O mito imaginário, quem diria, tornou-se um cliente contumaz da Justiça. Hoje, apurações sobre corrupção grossa deságuam sucessivamente nele. Autoridades já reuniram provas das relações umbilicais de Lula com a Odebrecht, a OAS e a UTC, cujo dono, Ricardo Pessoa, disse ao Ministério Público ter repassado 2,4 milhões de reais, via caixa dois, à campanha à reeleição do ex-presidente. Suspeita de também participar do assalto à Petrobras, a Andrade Gutierrez deve engrossar o cordão de empreiteiras que cerca o petista.
Preso desde junho do ano passado, o presidente licenciado da construtora, Otávio Azevedo, negocia um acordo de delação premiada com o Ministério Público.
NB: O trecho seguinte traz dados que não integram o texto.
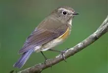 红胁蓝尾鸲俗名:蓝点冈子、蓝尾巴根子、蓝尾杰、蓝尾欧鸲。体型略小而喉白的鸲。特征为橘黄色两胁与白色腹部及臀成对比。雄鸟上体蓝色,眉纹白;亚成鸟及雌鸟褐色,尾蓝。…全部>>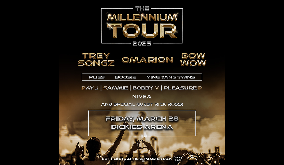 The Millennium Tour is making a stop at Dickies Arena on Friday, March 28th! This tour will feature Trey Songz, Omarion, Bow Wow, Plies, Boosie, Ying Yang Twins, Ray J, Sammie, Bobby V, Pleasure P, Nivea, and special guest Rick Ross.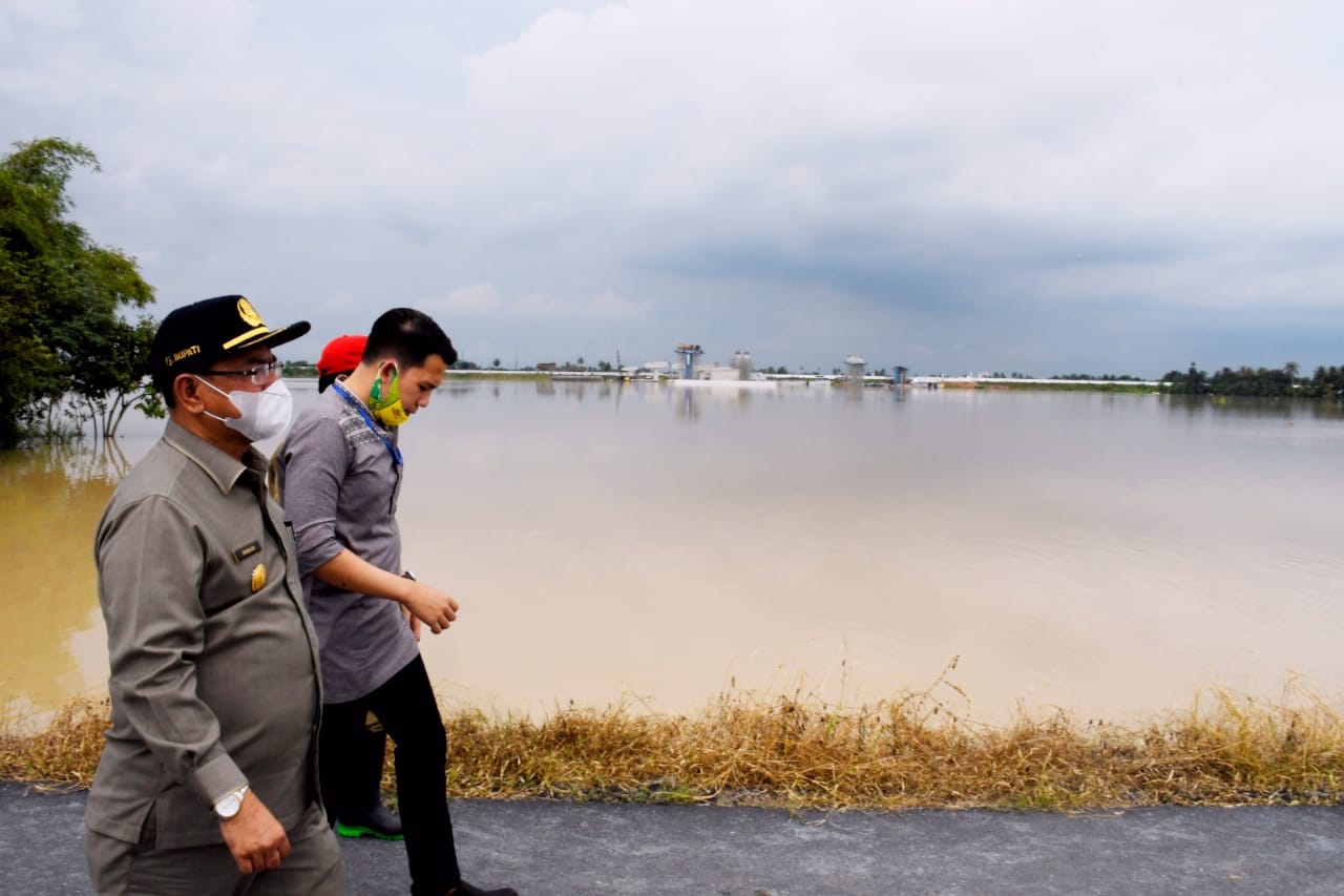 Turut serta dalam peninjauan banjir, Ketua DPRD Sergai dr M Riski Ramadhan Hasibuan, SH, SE, MKM, Kepala BPBD Sergai H Henry Suharto, SH, Kasat Pol-PP Drs Fajar Simbolon, M Si, Camat Sei Bamban Juniar Gultom, Kabag Protokol dan Komunikasi Pimpinan, Erfin Fahrurrozi, S STP, MSi.

Os procuradores insistem para que ele conte detalhes da operação de compra de participação societária na Gamecorp – empresa que tem Fábio Luís, o filho mais velho de Lula, como sócio – pela antiga Telemar, que tem a Andrade Gutierrez entre seus controladores. Azevedo recusou-se até aqui a explicar a real motivação da operação. Os procuradores, em contrapartida, não aceitam assinar o acordo de colaboração enquanto não receberem a explicação devida.
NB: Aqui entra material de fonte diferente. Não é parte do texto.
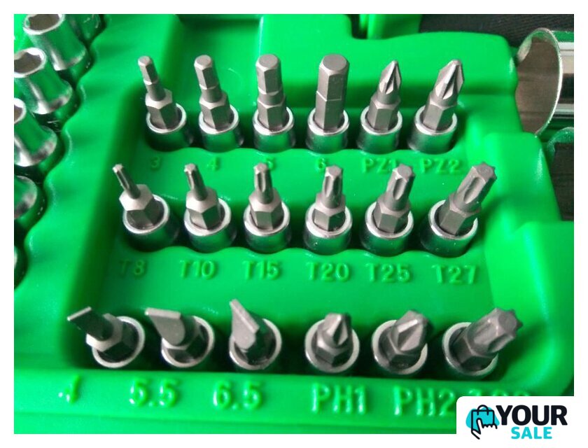 | Комплектация | Головка торцевая 1/4": 4, 4.5, 5, 5.5, 6, 7, 8, 9, 10, 11, 12, 13 ммГоловка торцевая 1/2": 14, 15, 16, 17, 18, 19, 20, 22, 24, 27, 30, 32 ммСвечная головка 1/2" магнитная: 16, 21 ммТрещотка 1/4" 36 зубцов (резиновая ручка)Трещотка 1/2" 36 зубцов (резиновая ручка)Ключи комбинированные 8,10,11,12, 13,14,17,19, 22 ммГоловка с насадкой Hex 1/4": 3, 4, 5, 6 ммГоловка с насадкой Torx 1/4": T8, T10, T15, T20, T25, Т 27, T30Головка с шлицевой насадкой 1/4": 4, 5.5, 6.5 ммГоловка с насадкой PH 1/4": PH1, PH2Насадка PZ 1/4": PZ1, PZ2Насадка 5/16" Hex: 8, 10, 12, 14 ммНасадка 5/16" Torx: T40, T45, T50, T55, 60Насадка 5/16" для ударной отвертки: 8,10,12 ммНасадка 5/16" PZ: PZ3, PZ4Удлинитель 1/4" 50 ммУдлинитель 1/4" 100 ммУдлинитель 1/2" 125 ммУдлинитель 1/2" 250 ммКардан 1/4"Кардан 1/2"Вороток-отвертка 1/4"150 ммВороток 1/4" с плавающей головкой 115 ммДержатель бит 1/2 х 5/16"Гибкий вал 1/4"Переходник 3/8 х 1/2"с отверстием |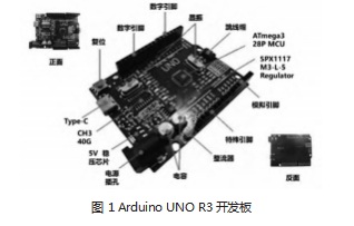选用Arduino UNO R3开发板作为下位机控制核心(图1),该主控具备较为完备的数字和模拟接口资源,配套生态成熟、成本较低,可满足温室环境参数采集、评估和报警等需求,适用于作物温室场景规模化部署[3]。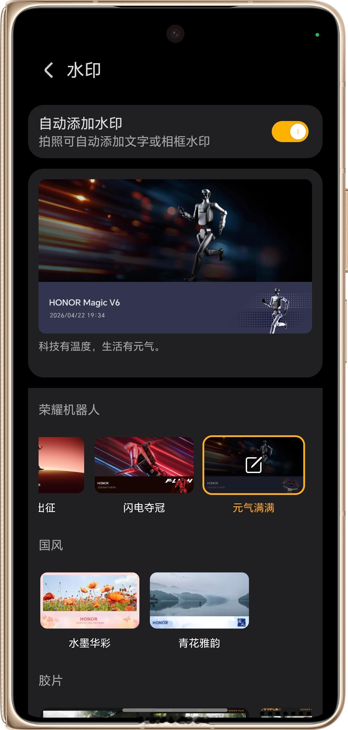 能看出来荣耀机器人 在公司的地位越来越高,应该是被作为未来重要的发展方向,系统主题和相机水印都安排上了相机水印三种样式,每种样式里面有若干动作搭配,科技感还是挺强的

Para sair do impasse e fugir de uma condenação pesada à prisão, Azevedo decidiu narrar seus segredos aos investigadores. Ele dirá que a antiga Telemar, que foi rebatizada de Oi, comprou cerca de 30% da Gamecorp, por 5 milhões de reais, em 2005, a pedido de Lula. Naquela época, o presidente sabia que o banqueiro Daniel Dantas apresentara uma oferta para se tornar sócio da Gamecorp. Como queria Dantas longe de seu filho e de seu governo, o petista, segundo Azevedo, pediu aos donos da Telemar/Oi, entre eles a Andrade Gutierrez, que apresentassem uma oferta agressiva de compra dos papéis da empresa de seu primogênito. Assim foi feito.
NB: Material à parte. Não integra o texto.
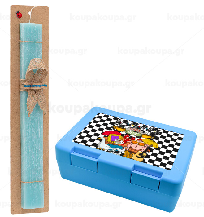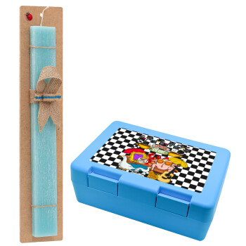 Τα φιλαράκια, Πασχαλινή Λαμπάδα με παιδικό δοχείο κολατσιού ΓΑΛΑΖΙΟ & κερί αρωματικό πλακέ (30cm) (ΤΙΡΚΟΥΑΖ)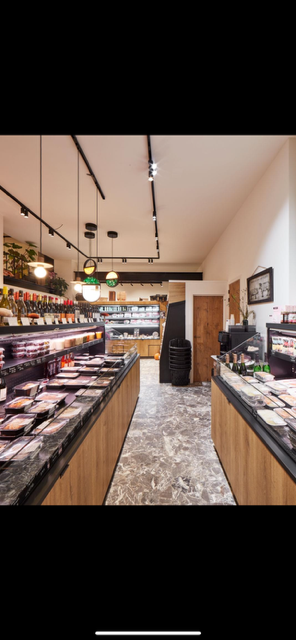 Sale of fresh meat, cold cuts, delicatessen prepared dishes and bread, fruits and vegetables whether or not to prepare yourself.

Três anos depois dessa transação, o governo Lula mudou a legislação para permitir que a Telemar/Oi se fundisse com a Brasil Telecom, sob o pretexto de criar um gigante brasileiro no setor de telecomunicações. Azevedo confidenciou a advogados e executivos que, após essa segunda transação, viabilizada graças à mudança da legislação feita sob medida por Lula, sócios da Gamecorp e integrantes do governo começaram a exigir mais ajuda financeira da Andrade Gutierrez. Pressionada, a empreiteira, por meio da Oi, passou a contratar periodicamente serviços da própria Gamecorp. Serviços que, conforme Azevedo, não eram necessários.